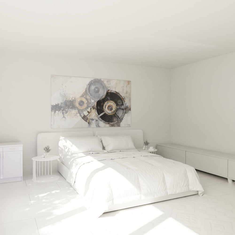La palette chromatique de ce tableau mural décoratif industriel s'articule autour de tons métalliques subtils : gris anthracite, beiges nacrés et touches d'ocre doré. Ces couleurs industrielles modernes évoquent la patine du temps sur les machines, créant une atmosphère nostalgique et authentique. La symbolique des engrenages artistiques renvoie à la précision, au mouvement perpétuel et à l'ingéniosité humaine, transformant la mécanique en poésie visuelle.
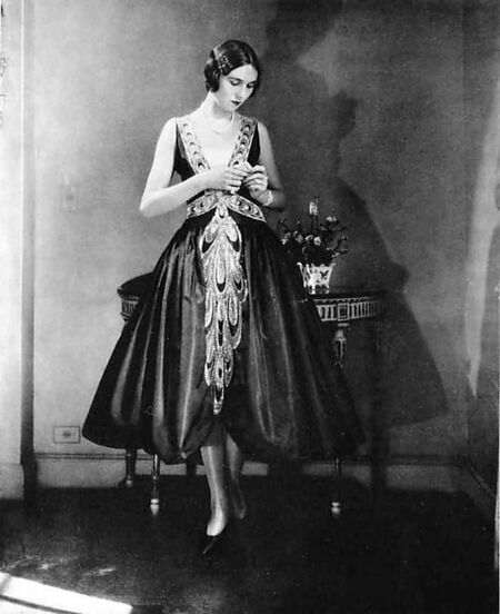 Жанна Ланвен предложила противоположный вариант «женственности»: ее «robe de style» — пышные платья с низкой талией, широкими юбками и утонченным декором — стали геральдикой романтичного образа эпохи, напоминая о бальных традициях прошлого.
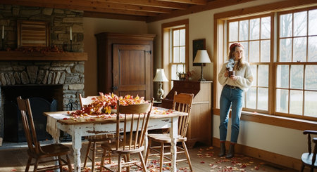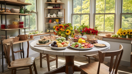A cozy kitchen scene featuring a rustic wooden table set with vintage dishware, bathed in warm sunlight streaming through a large window, creating a serene atmosphere.
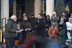 Levine, who is Jewish, took the oath of office on the Five Books of Moses, called the Chumash. “How remarkable is it that on these steps today, we have three swearings-in,” Levine said. “One by a leader using a Quran, one by a leader using a Christian Bible, and one by a leader using a Chumash or Hebrew Bible. I am proud to live in a city where this is possible.”
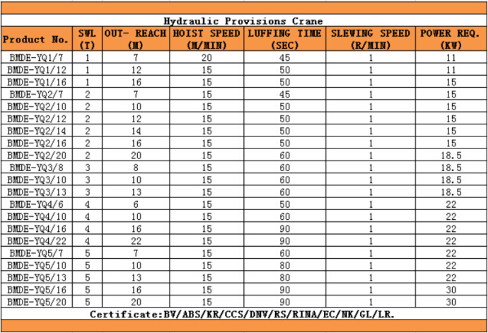 - Product description: Marine crane, Marine offshore Crane, Hydraulic Crane, Stiff Boom Crane, Fixed Arm Crane, Telescopic Crane, Folding Crane, Provisions Crane, Hose Crane, Cargo Crane, Cantilever Crane, Deck Crane
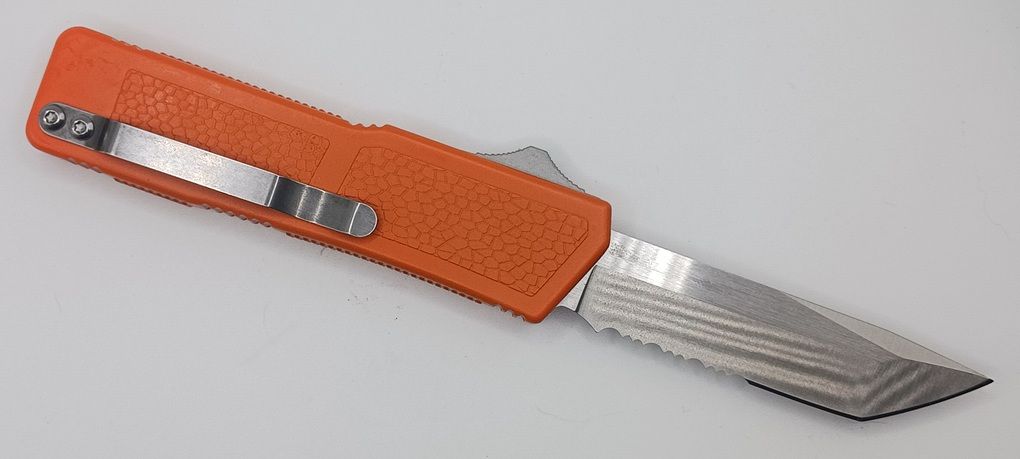Lightning Supreme Orange D/A OTF Automatic Knife Tanto Point Satin Serrated. The Orange Lightning Supreme has an 8 inch total length with a 3.25 inch blade. It is a double action in and out switchblade knife. This is a taiwan version. The taiwan version was the first produced before the chinese versions came out. This version has aircraft aluminum handles and better made metal blades. The springs in these are made better than the chinese versions. It comes with a pocket clip which can be taken off.
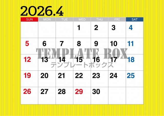 無料テンプレート:2026年4月カレンダー:横型黄色のカレンダー
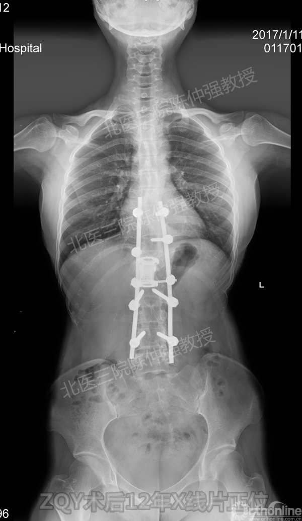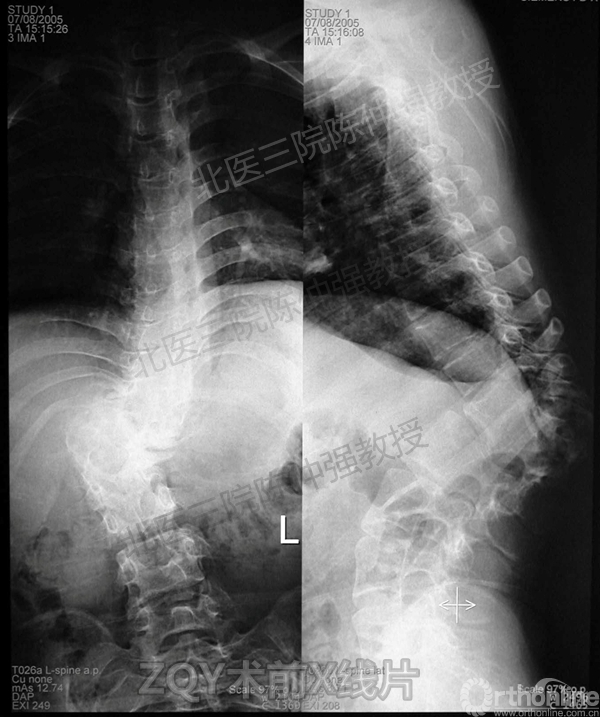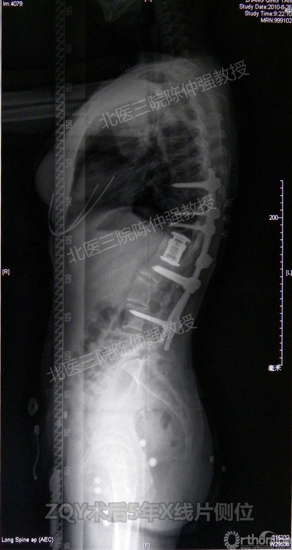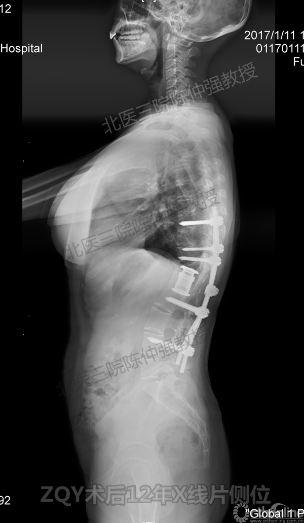 2005年,陈仲强教授在AOSpine年会上分享了一例胸腰椎陈旧结核性侧后凸畸形病例。资料如下:
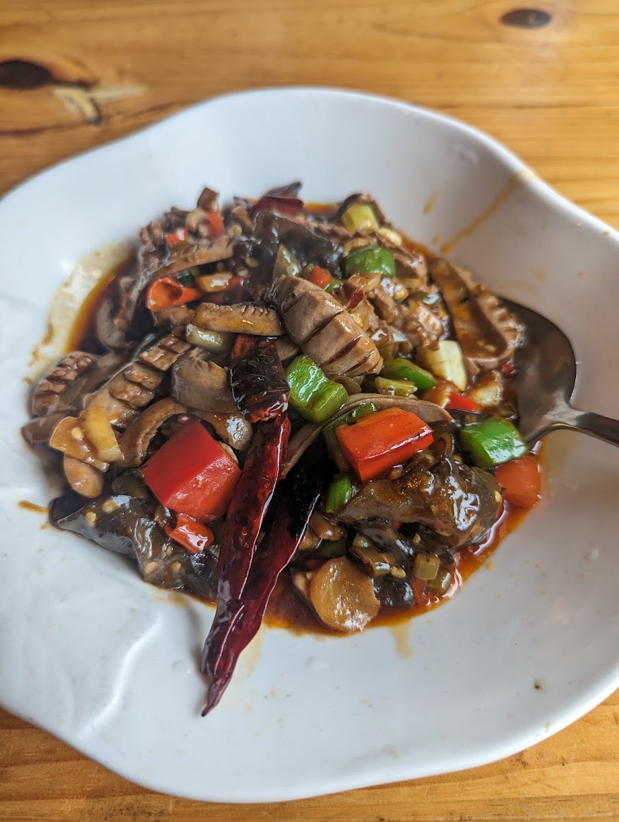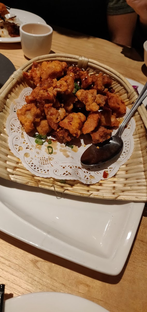 First time. Really good food. A slightly more upscale and chef inspired take than some of the surrounding places, with slightly higher prices to match, but still feels like a bargain compared to nyc. Griddled Preserved pork with smoked bamboo was great. Salty, spicy. The preserved pork is like bacon and the bamboo is thin and crunchy. The ribs were fantastic. Tender. Cumin. Chilies. I’d want to make a version but add more chili powder and cumin on top with maybe some fried garlic. Spicy wontons - wontons themselves are great. Slippery. Plump. But that sauce is soooo good. I want to know how they get that garlic flavor in there. Mustard greens with garlic were a good compliment to round it out. Nothing crazy but I enjoyed having a different green than I’m used to and found the slight bitterness pleasant. I found the spice level to be present but not overwhelming. I’d actually ask for spicier next time. dishes were 1 or 2 chilies out of 3. Will be back to try more of the menu. I probably should have ordered something with some acidity since everything is rich, salty, garlicy, and spicy. Or maybe a steamed dish to add some lightness. Seems like the type of place where everything is good so enjoy the Hunan and Sichuan food.

※ ※ ※

**What you need to do**:
Within the listing above, copy exactly the lines that start at the one with "A cozy kitchen" and continue through the one with "- Product description: Marine". Omit pictures.

**Solution below**:
A cozy kitchen scene featuring a rustic wooden table set with vintage dishware, bathed in warm sunlight streaming through a large window, creating a serene atmosphere.
 Levine, who is Jewish, took the oath of office on the Five Books of Moses, called the Chumash. “How remarkable is it that on these steps today, we have three swearings-in,” Levine said. “One by a leader using a Quran, one by a leader using a Christian Bible, and one by a leader using a Chumash or Hebrew Bible. I am proud to live in a city where this is possible.”
 - Product description: Marine crane, Marine offshore Crane, Hydraulic Crane, Stiff Boom Crane, Fixed Arm Crane, Telescopic Crane, Folding Crane, Provisions Crane, Hose Crane, Cargo Crane, Cantilever Crane, Deck Crane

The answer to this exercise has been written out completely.